What now? Full agreement with no caveats? No, wait! Don't even answer that. I'm just going to shut my trap and ride the high as long as it lasts...

I like to debate structural engineering theory -- a lot. If I challenge you on something, know that I'm doing so because I respect your opinion enough to either change it or adopt it.

 

[hokie66]

I don't understand the objection to the pour strip being at midspan, as long as the slab remains shored until the infill is complete. That is where I normally like to have construction joints, PT or otherwise.

Agree that 8" is too thin for a 30' span.

 

[rapt]

Hokie,

The resulting RC section at mid span caused an increase in deflection of about 2.5 times in a quick example I ran (in a program that considers cracking and long term effects properly!!), from about 17mm to 45mm and requires a very large amount of reinforcement.
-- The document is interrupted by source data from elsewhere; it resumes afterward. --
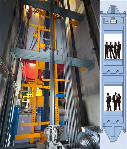 더블데크 엘리베이터는 한 개의 승강로에 2대의 엘리베이터를 상하로 연결해 동시에 운행하는 복층 엘리베이터다.
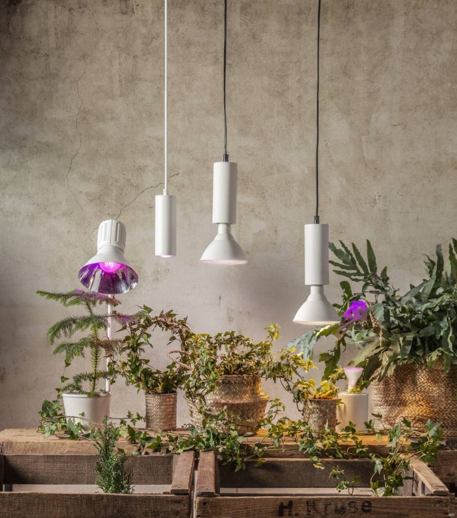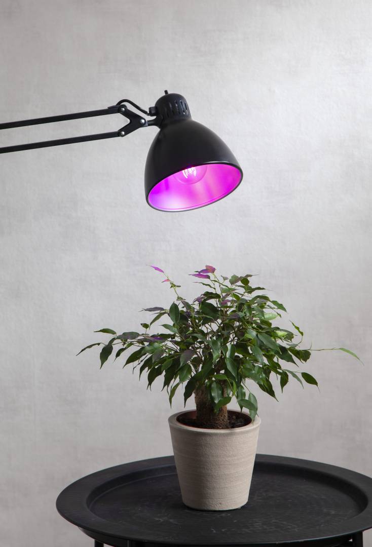 Energiatehokas LED-kasvilamppu. Kirkas lasi. Kasveille optimoitu valo.
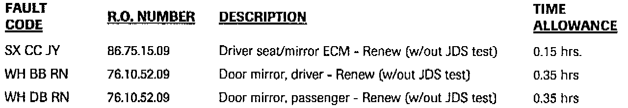 If the driver's seat and mirrors control module fails on a 1994 MY Sedan Range vehicle within the VIN range listed above, BOTH door mirrors must be replaced with revised mirror units (left mirror, part number HMD 3043AC) (right mirror, part number HMD 3042CC) when the ECM is replaced.
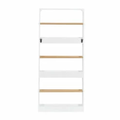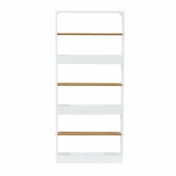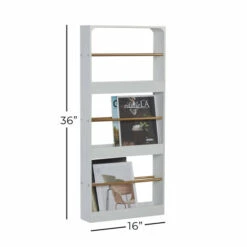 This wall-mounted magazine holder features a white wooden body (MDF) and gold iron rails, making it a suitable addition to modern-themed interiors. It has three levels of racks that can fit light reading magazines, photo books, small coffee table books, and file folders. Hang it in the office or at home via the two attached metal backings on the top back corners. This item comes shipped in one carton. Magazine holder is wall-mounted. It hangs via two metal backings at the top back corners. Suitable for indoor use only. Holds up to 20 lbs. Glam inspired.
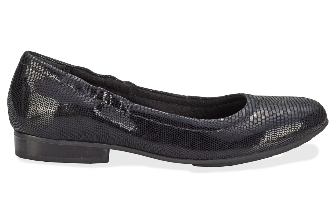 Treat your feet to the super-soft cushioning, roomy toe box and elasticized topline of the Tess flat by Ros. Our signature cushioned Tiny Pillows insoles have moderate arch support and help absorb shock while on your feet, but are also removable to accommodate an orthotic. The 3/4” stacked heel is perfect for walking all day!
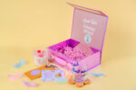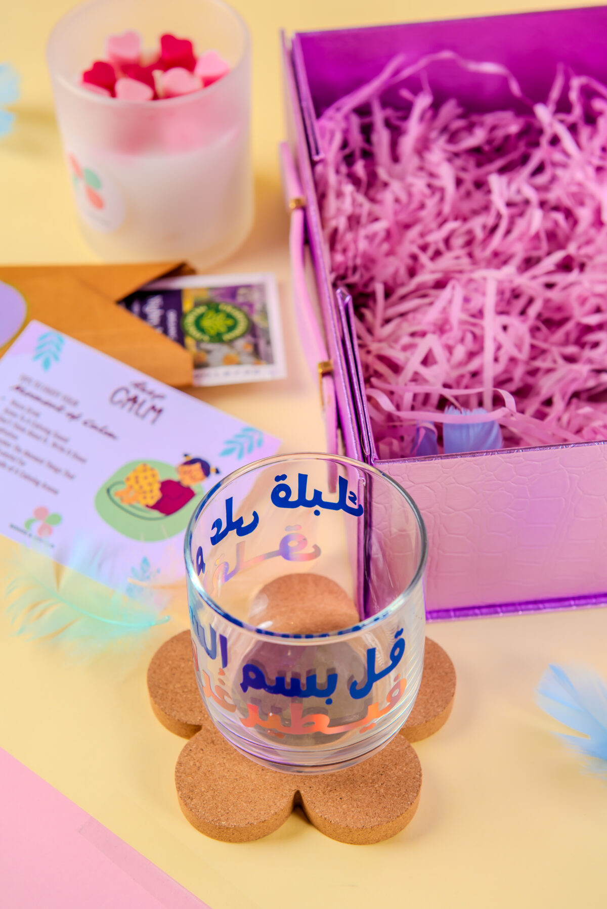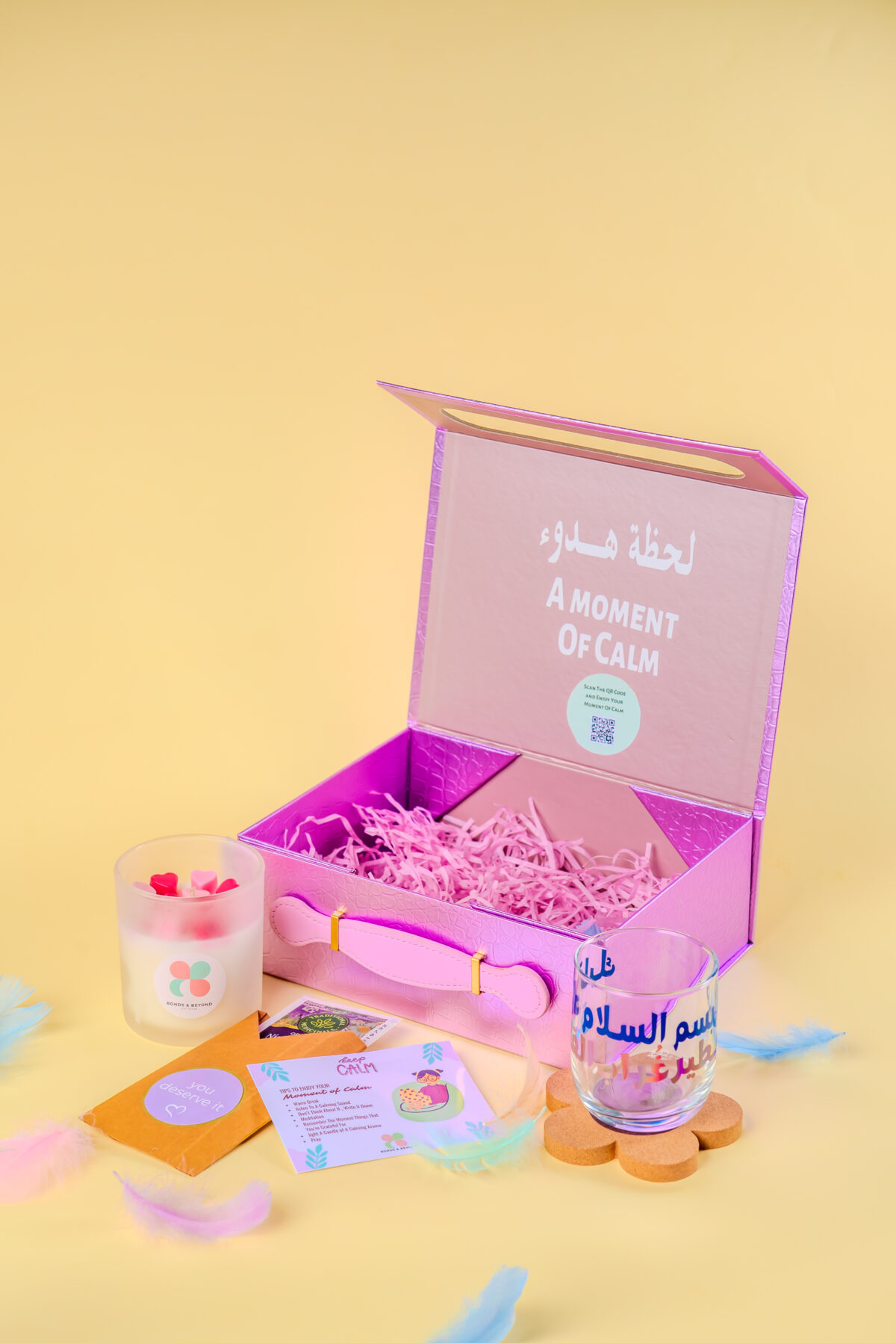 Box containing a candle with a relaxing and refreshing rose scent, a teacup, herbal tea bags that aid relaxation and sleep, a cup holder, a relaxation music player, and Parkwood relaxation music.
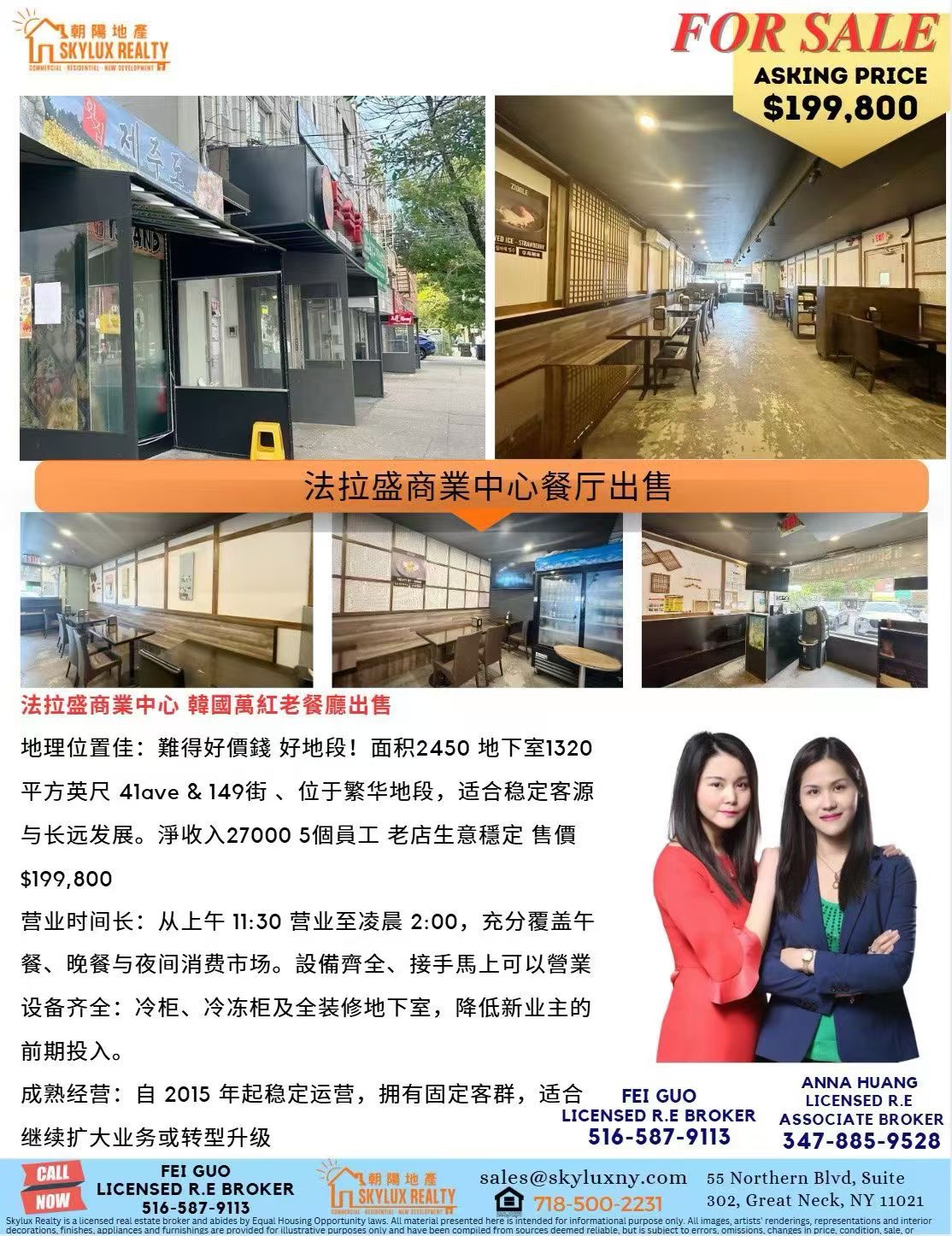 新上市 法拉盛商業中心 韓國萬紅老餐廳出售

A 8" RC slab in the middle of a 30' span just is not logical. Move it to the point of contra flexure where it does not have much effect.

The "cantilevers" cannot be made to work logically so it has to be a continuous span.

 

[dcceecy]

this is a two-way PT slab for parking deck, so It think 8" for 30' span is acceptable. I have seen several previous projects similar.
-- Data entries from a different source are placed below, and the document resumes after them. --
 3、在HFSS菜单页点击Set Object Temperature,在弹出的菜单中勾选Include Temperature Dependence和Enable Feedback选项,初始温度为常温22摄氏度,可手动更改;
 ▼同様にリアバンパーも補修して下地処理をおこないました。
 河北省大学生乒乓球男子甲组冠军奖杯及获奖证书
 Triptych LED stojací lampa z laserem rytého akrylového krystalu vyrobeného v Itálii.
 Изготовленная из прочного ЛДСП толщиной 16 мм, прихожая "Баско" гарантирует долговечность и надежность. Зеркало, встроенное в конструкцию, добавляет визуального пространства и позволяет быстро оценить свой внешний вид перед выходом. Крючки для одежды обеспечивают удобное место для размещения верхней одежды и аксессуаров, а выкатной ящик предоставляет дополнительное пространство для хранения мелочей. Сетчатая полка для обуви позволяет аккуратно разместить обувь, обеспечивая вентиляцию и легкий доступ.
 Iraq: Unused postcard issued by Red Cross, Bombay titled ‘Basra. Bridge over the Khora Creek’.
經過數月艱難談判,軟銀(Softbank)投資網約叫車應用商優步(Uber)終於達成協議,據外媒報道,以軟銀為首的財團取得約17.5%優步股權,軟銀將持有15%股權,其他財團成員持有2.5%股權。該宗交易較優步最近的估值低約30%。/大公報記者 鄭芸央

The shoring will be there all the time until the set of pour strip. So I agree the cantilever conditions will not be exist. I was conservative to check the cantilever conditions with point load.

As I said, I also checked the span with the pour strip as a typical continuous span with the harped tendon profile (low point is the CGS at both ends of the pour strip)
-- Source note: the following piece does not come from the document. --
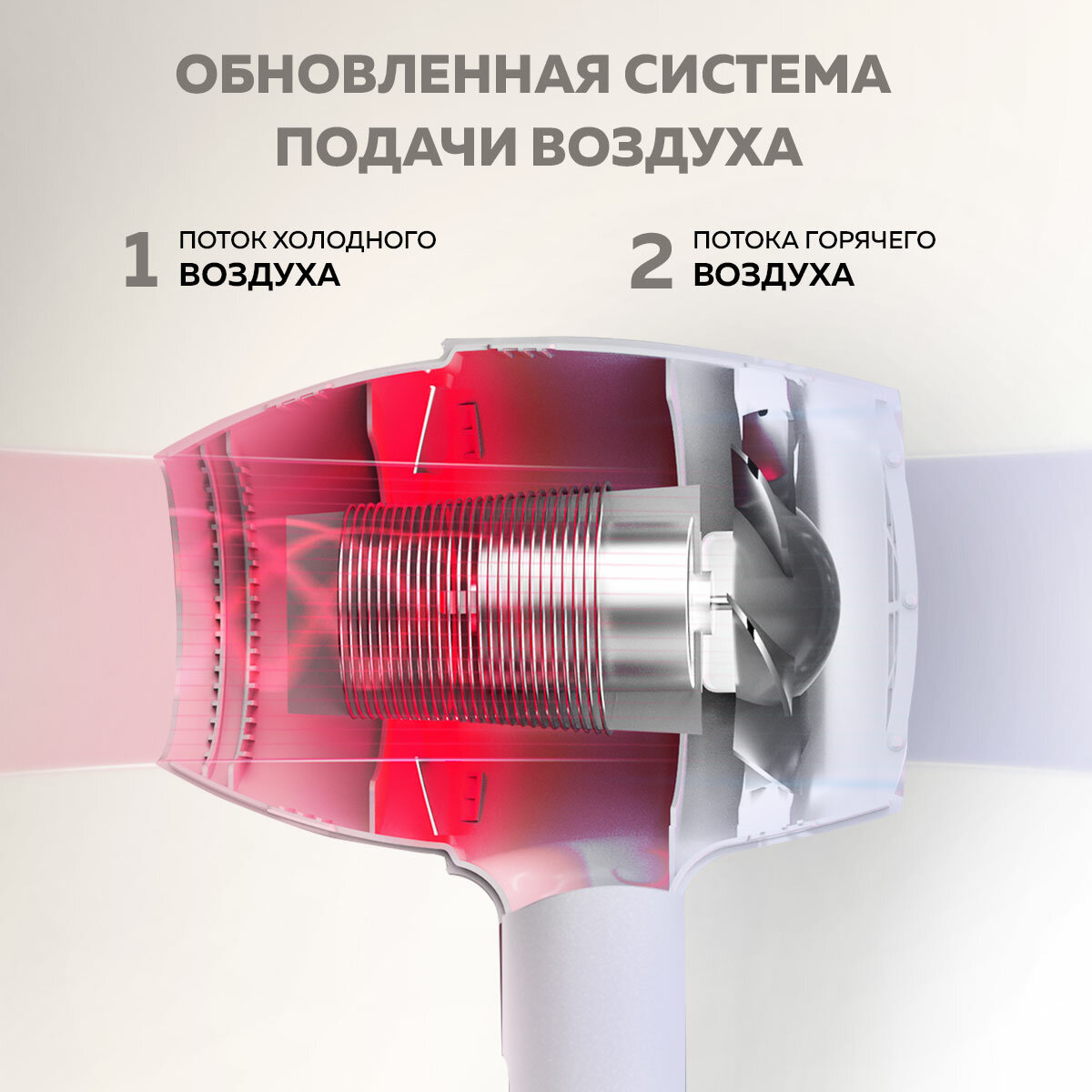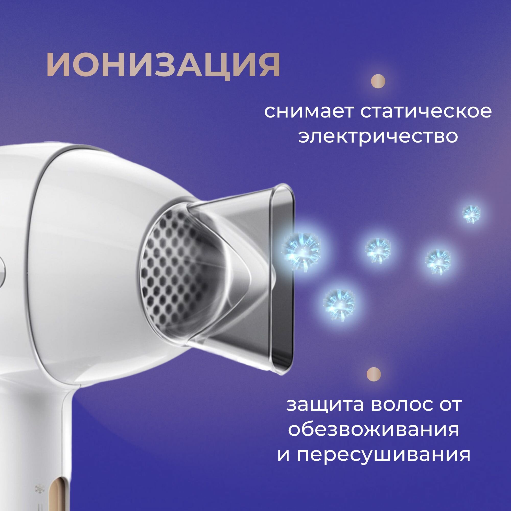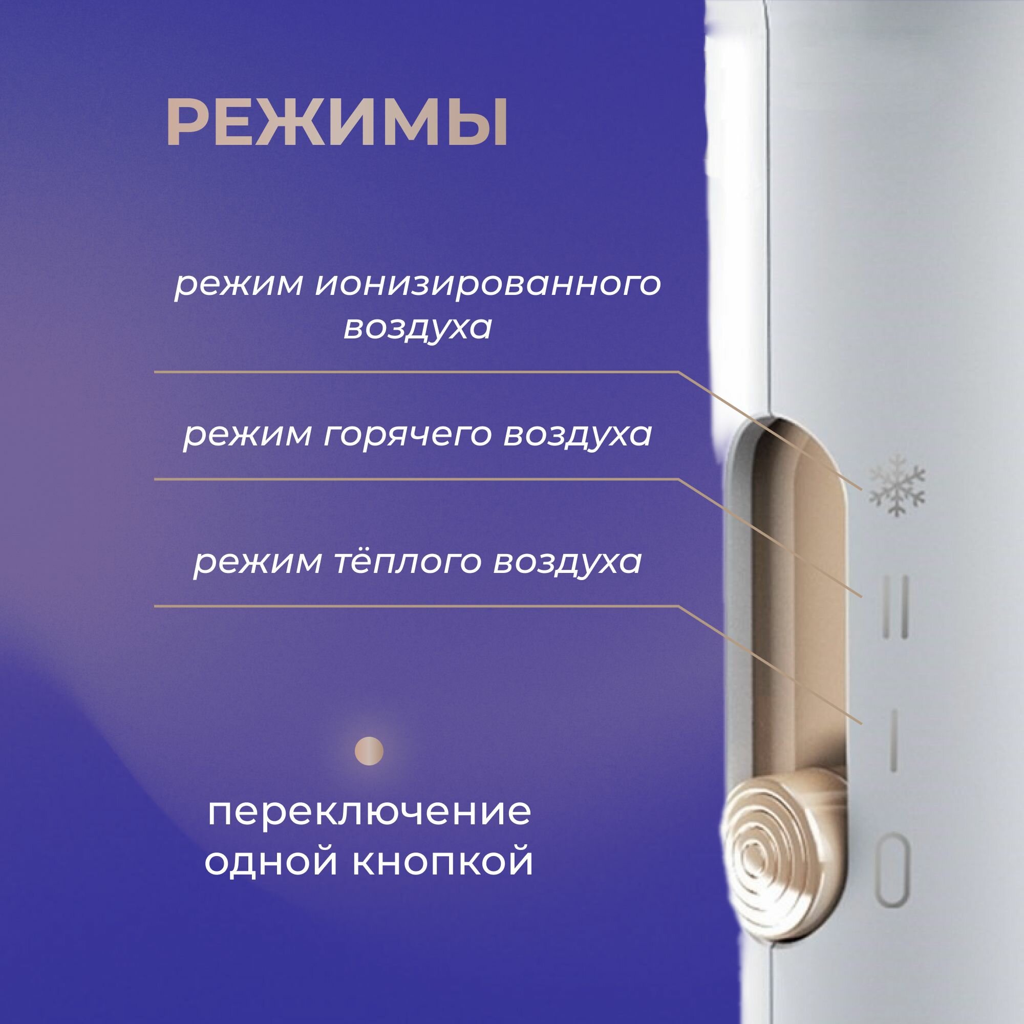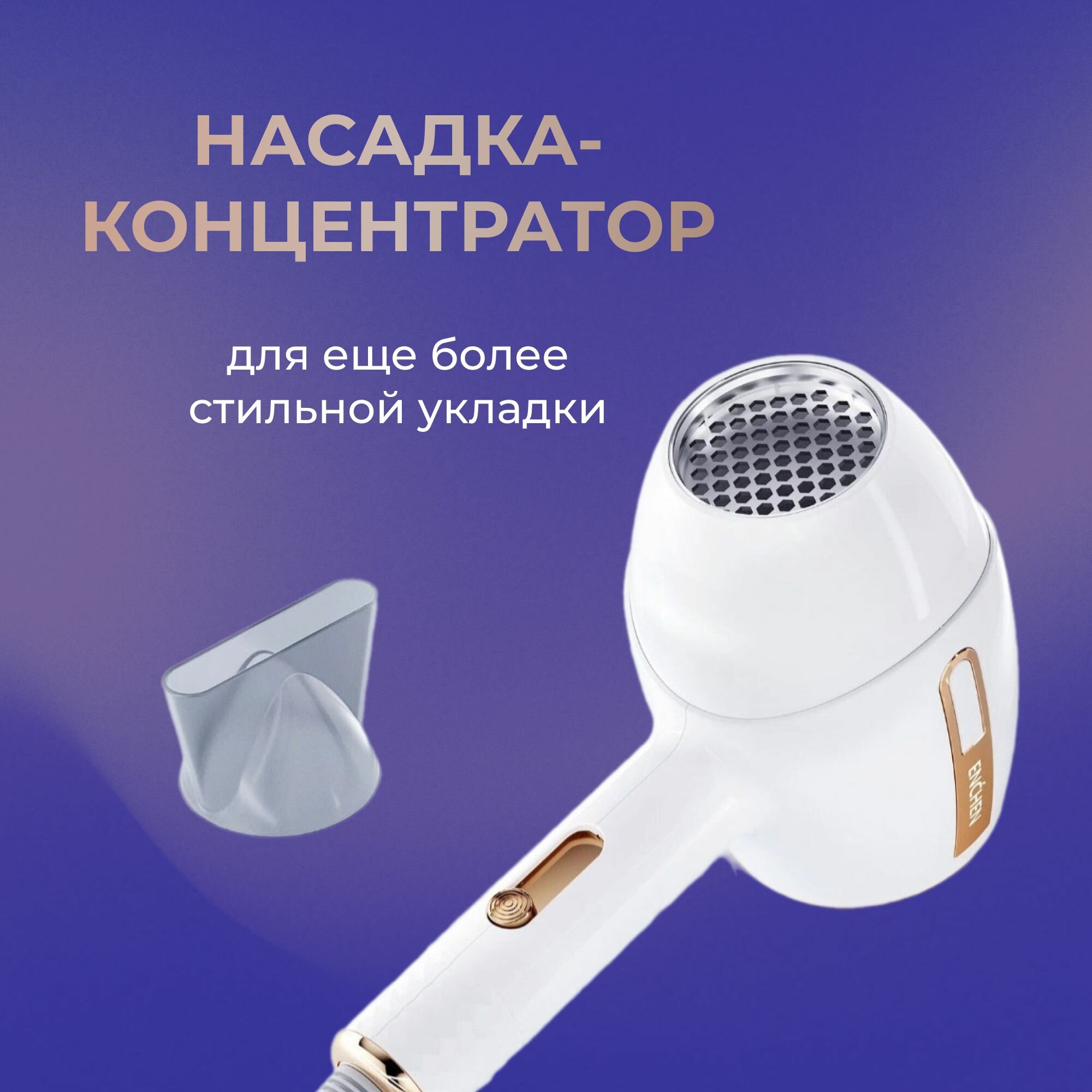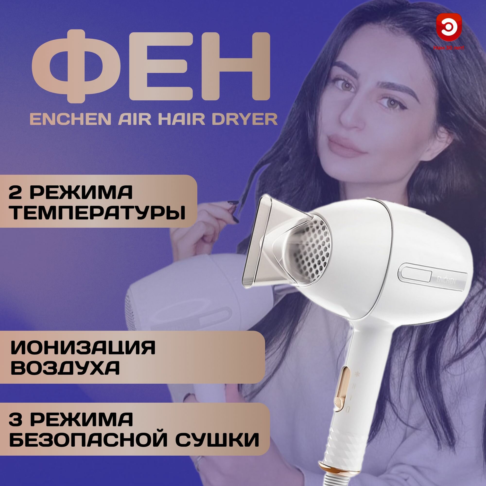 Фен профессиональный для волос Enchen Air Hair Dryer / Дорожный фен с насадкой для сушки и укладки волос, с ионизацией, 3 температурных режима, белый

it seems still OK. Since the the low point is at CGS of 4" instead of 1.25 or 1.5" as other typical span, it is expected that we'll have more deflection at this span unless we add PT more.

Even the span with pour strip is continuous at final condition, the pour strip reinforcement in our detail seems enough for the maximum positive moment since we used the same detail as the 18 ft wide (span) strip in other locations.

 

[FoxSE14]

If I am remembering correctly, for our one-way conditions, we had added tendons for the cantilever condition and started them some distance into back span; tendon at jacking location was at slab centroid. We used Lenton form savers to lap bars across the pour strip when pour time came.

1a. If you are in a snow area - movement of the cantilever tip at the roof area can cause minor bumps at least and serious maintenance issues (future phone calls for you) at worst when snow plows drag their blade and begin chipping concrete at the pour strip. In a previous life we gave a general recommendation that the garage be maintained with rubber tipped plow blades to alleviate this concern.​

Check publications by PTI and within various structural engineer magazines -- there are some good guidelines out there on proper pour strip design that a google search should unearth.

 

[rapt]

As we do not know the details of the design you have done we can only comment on what could need to be looked at based on our experience with other people doing similar designs and point out the mistakes they have made!

In Australia, you would never do a 30' end span with an 8" flat plate slab (even if you converted it to sensible units)! The amount of prestress to make deflections work would not be economical. Punching would be a worry too and we would also be worried about vibrations with that span/depth in a parking garage.

Yes, you will get more deflection because of the terminating tendons at the centroid, but you will a lot more increase in deflection from the RC pour strip joining the PT slabs together. And positioning it at mid span will give the worst effect.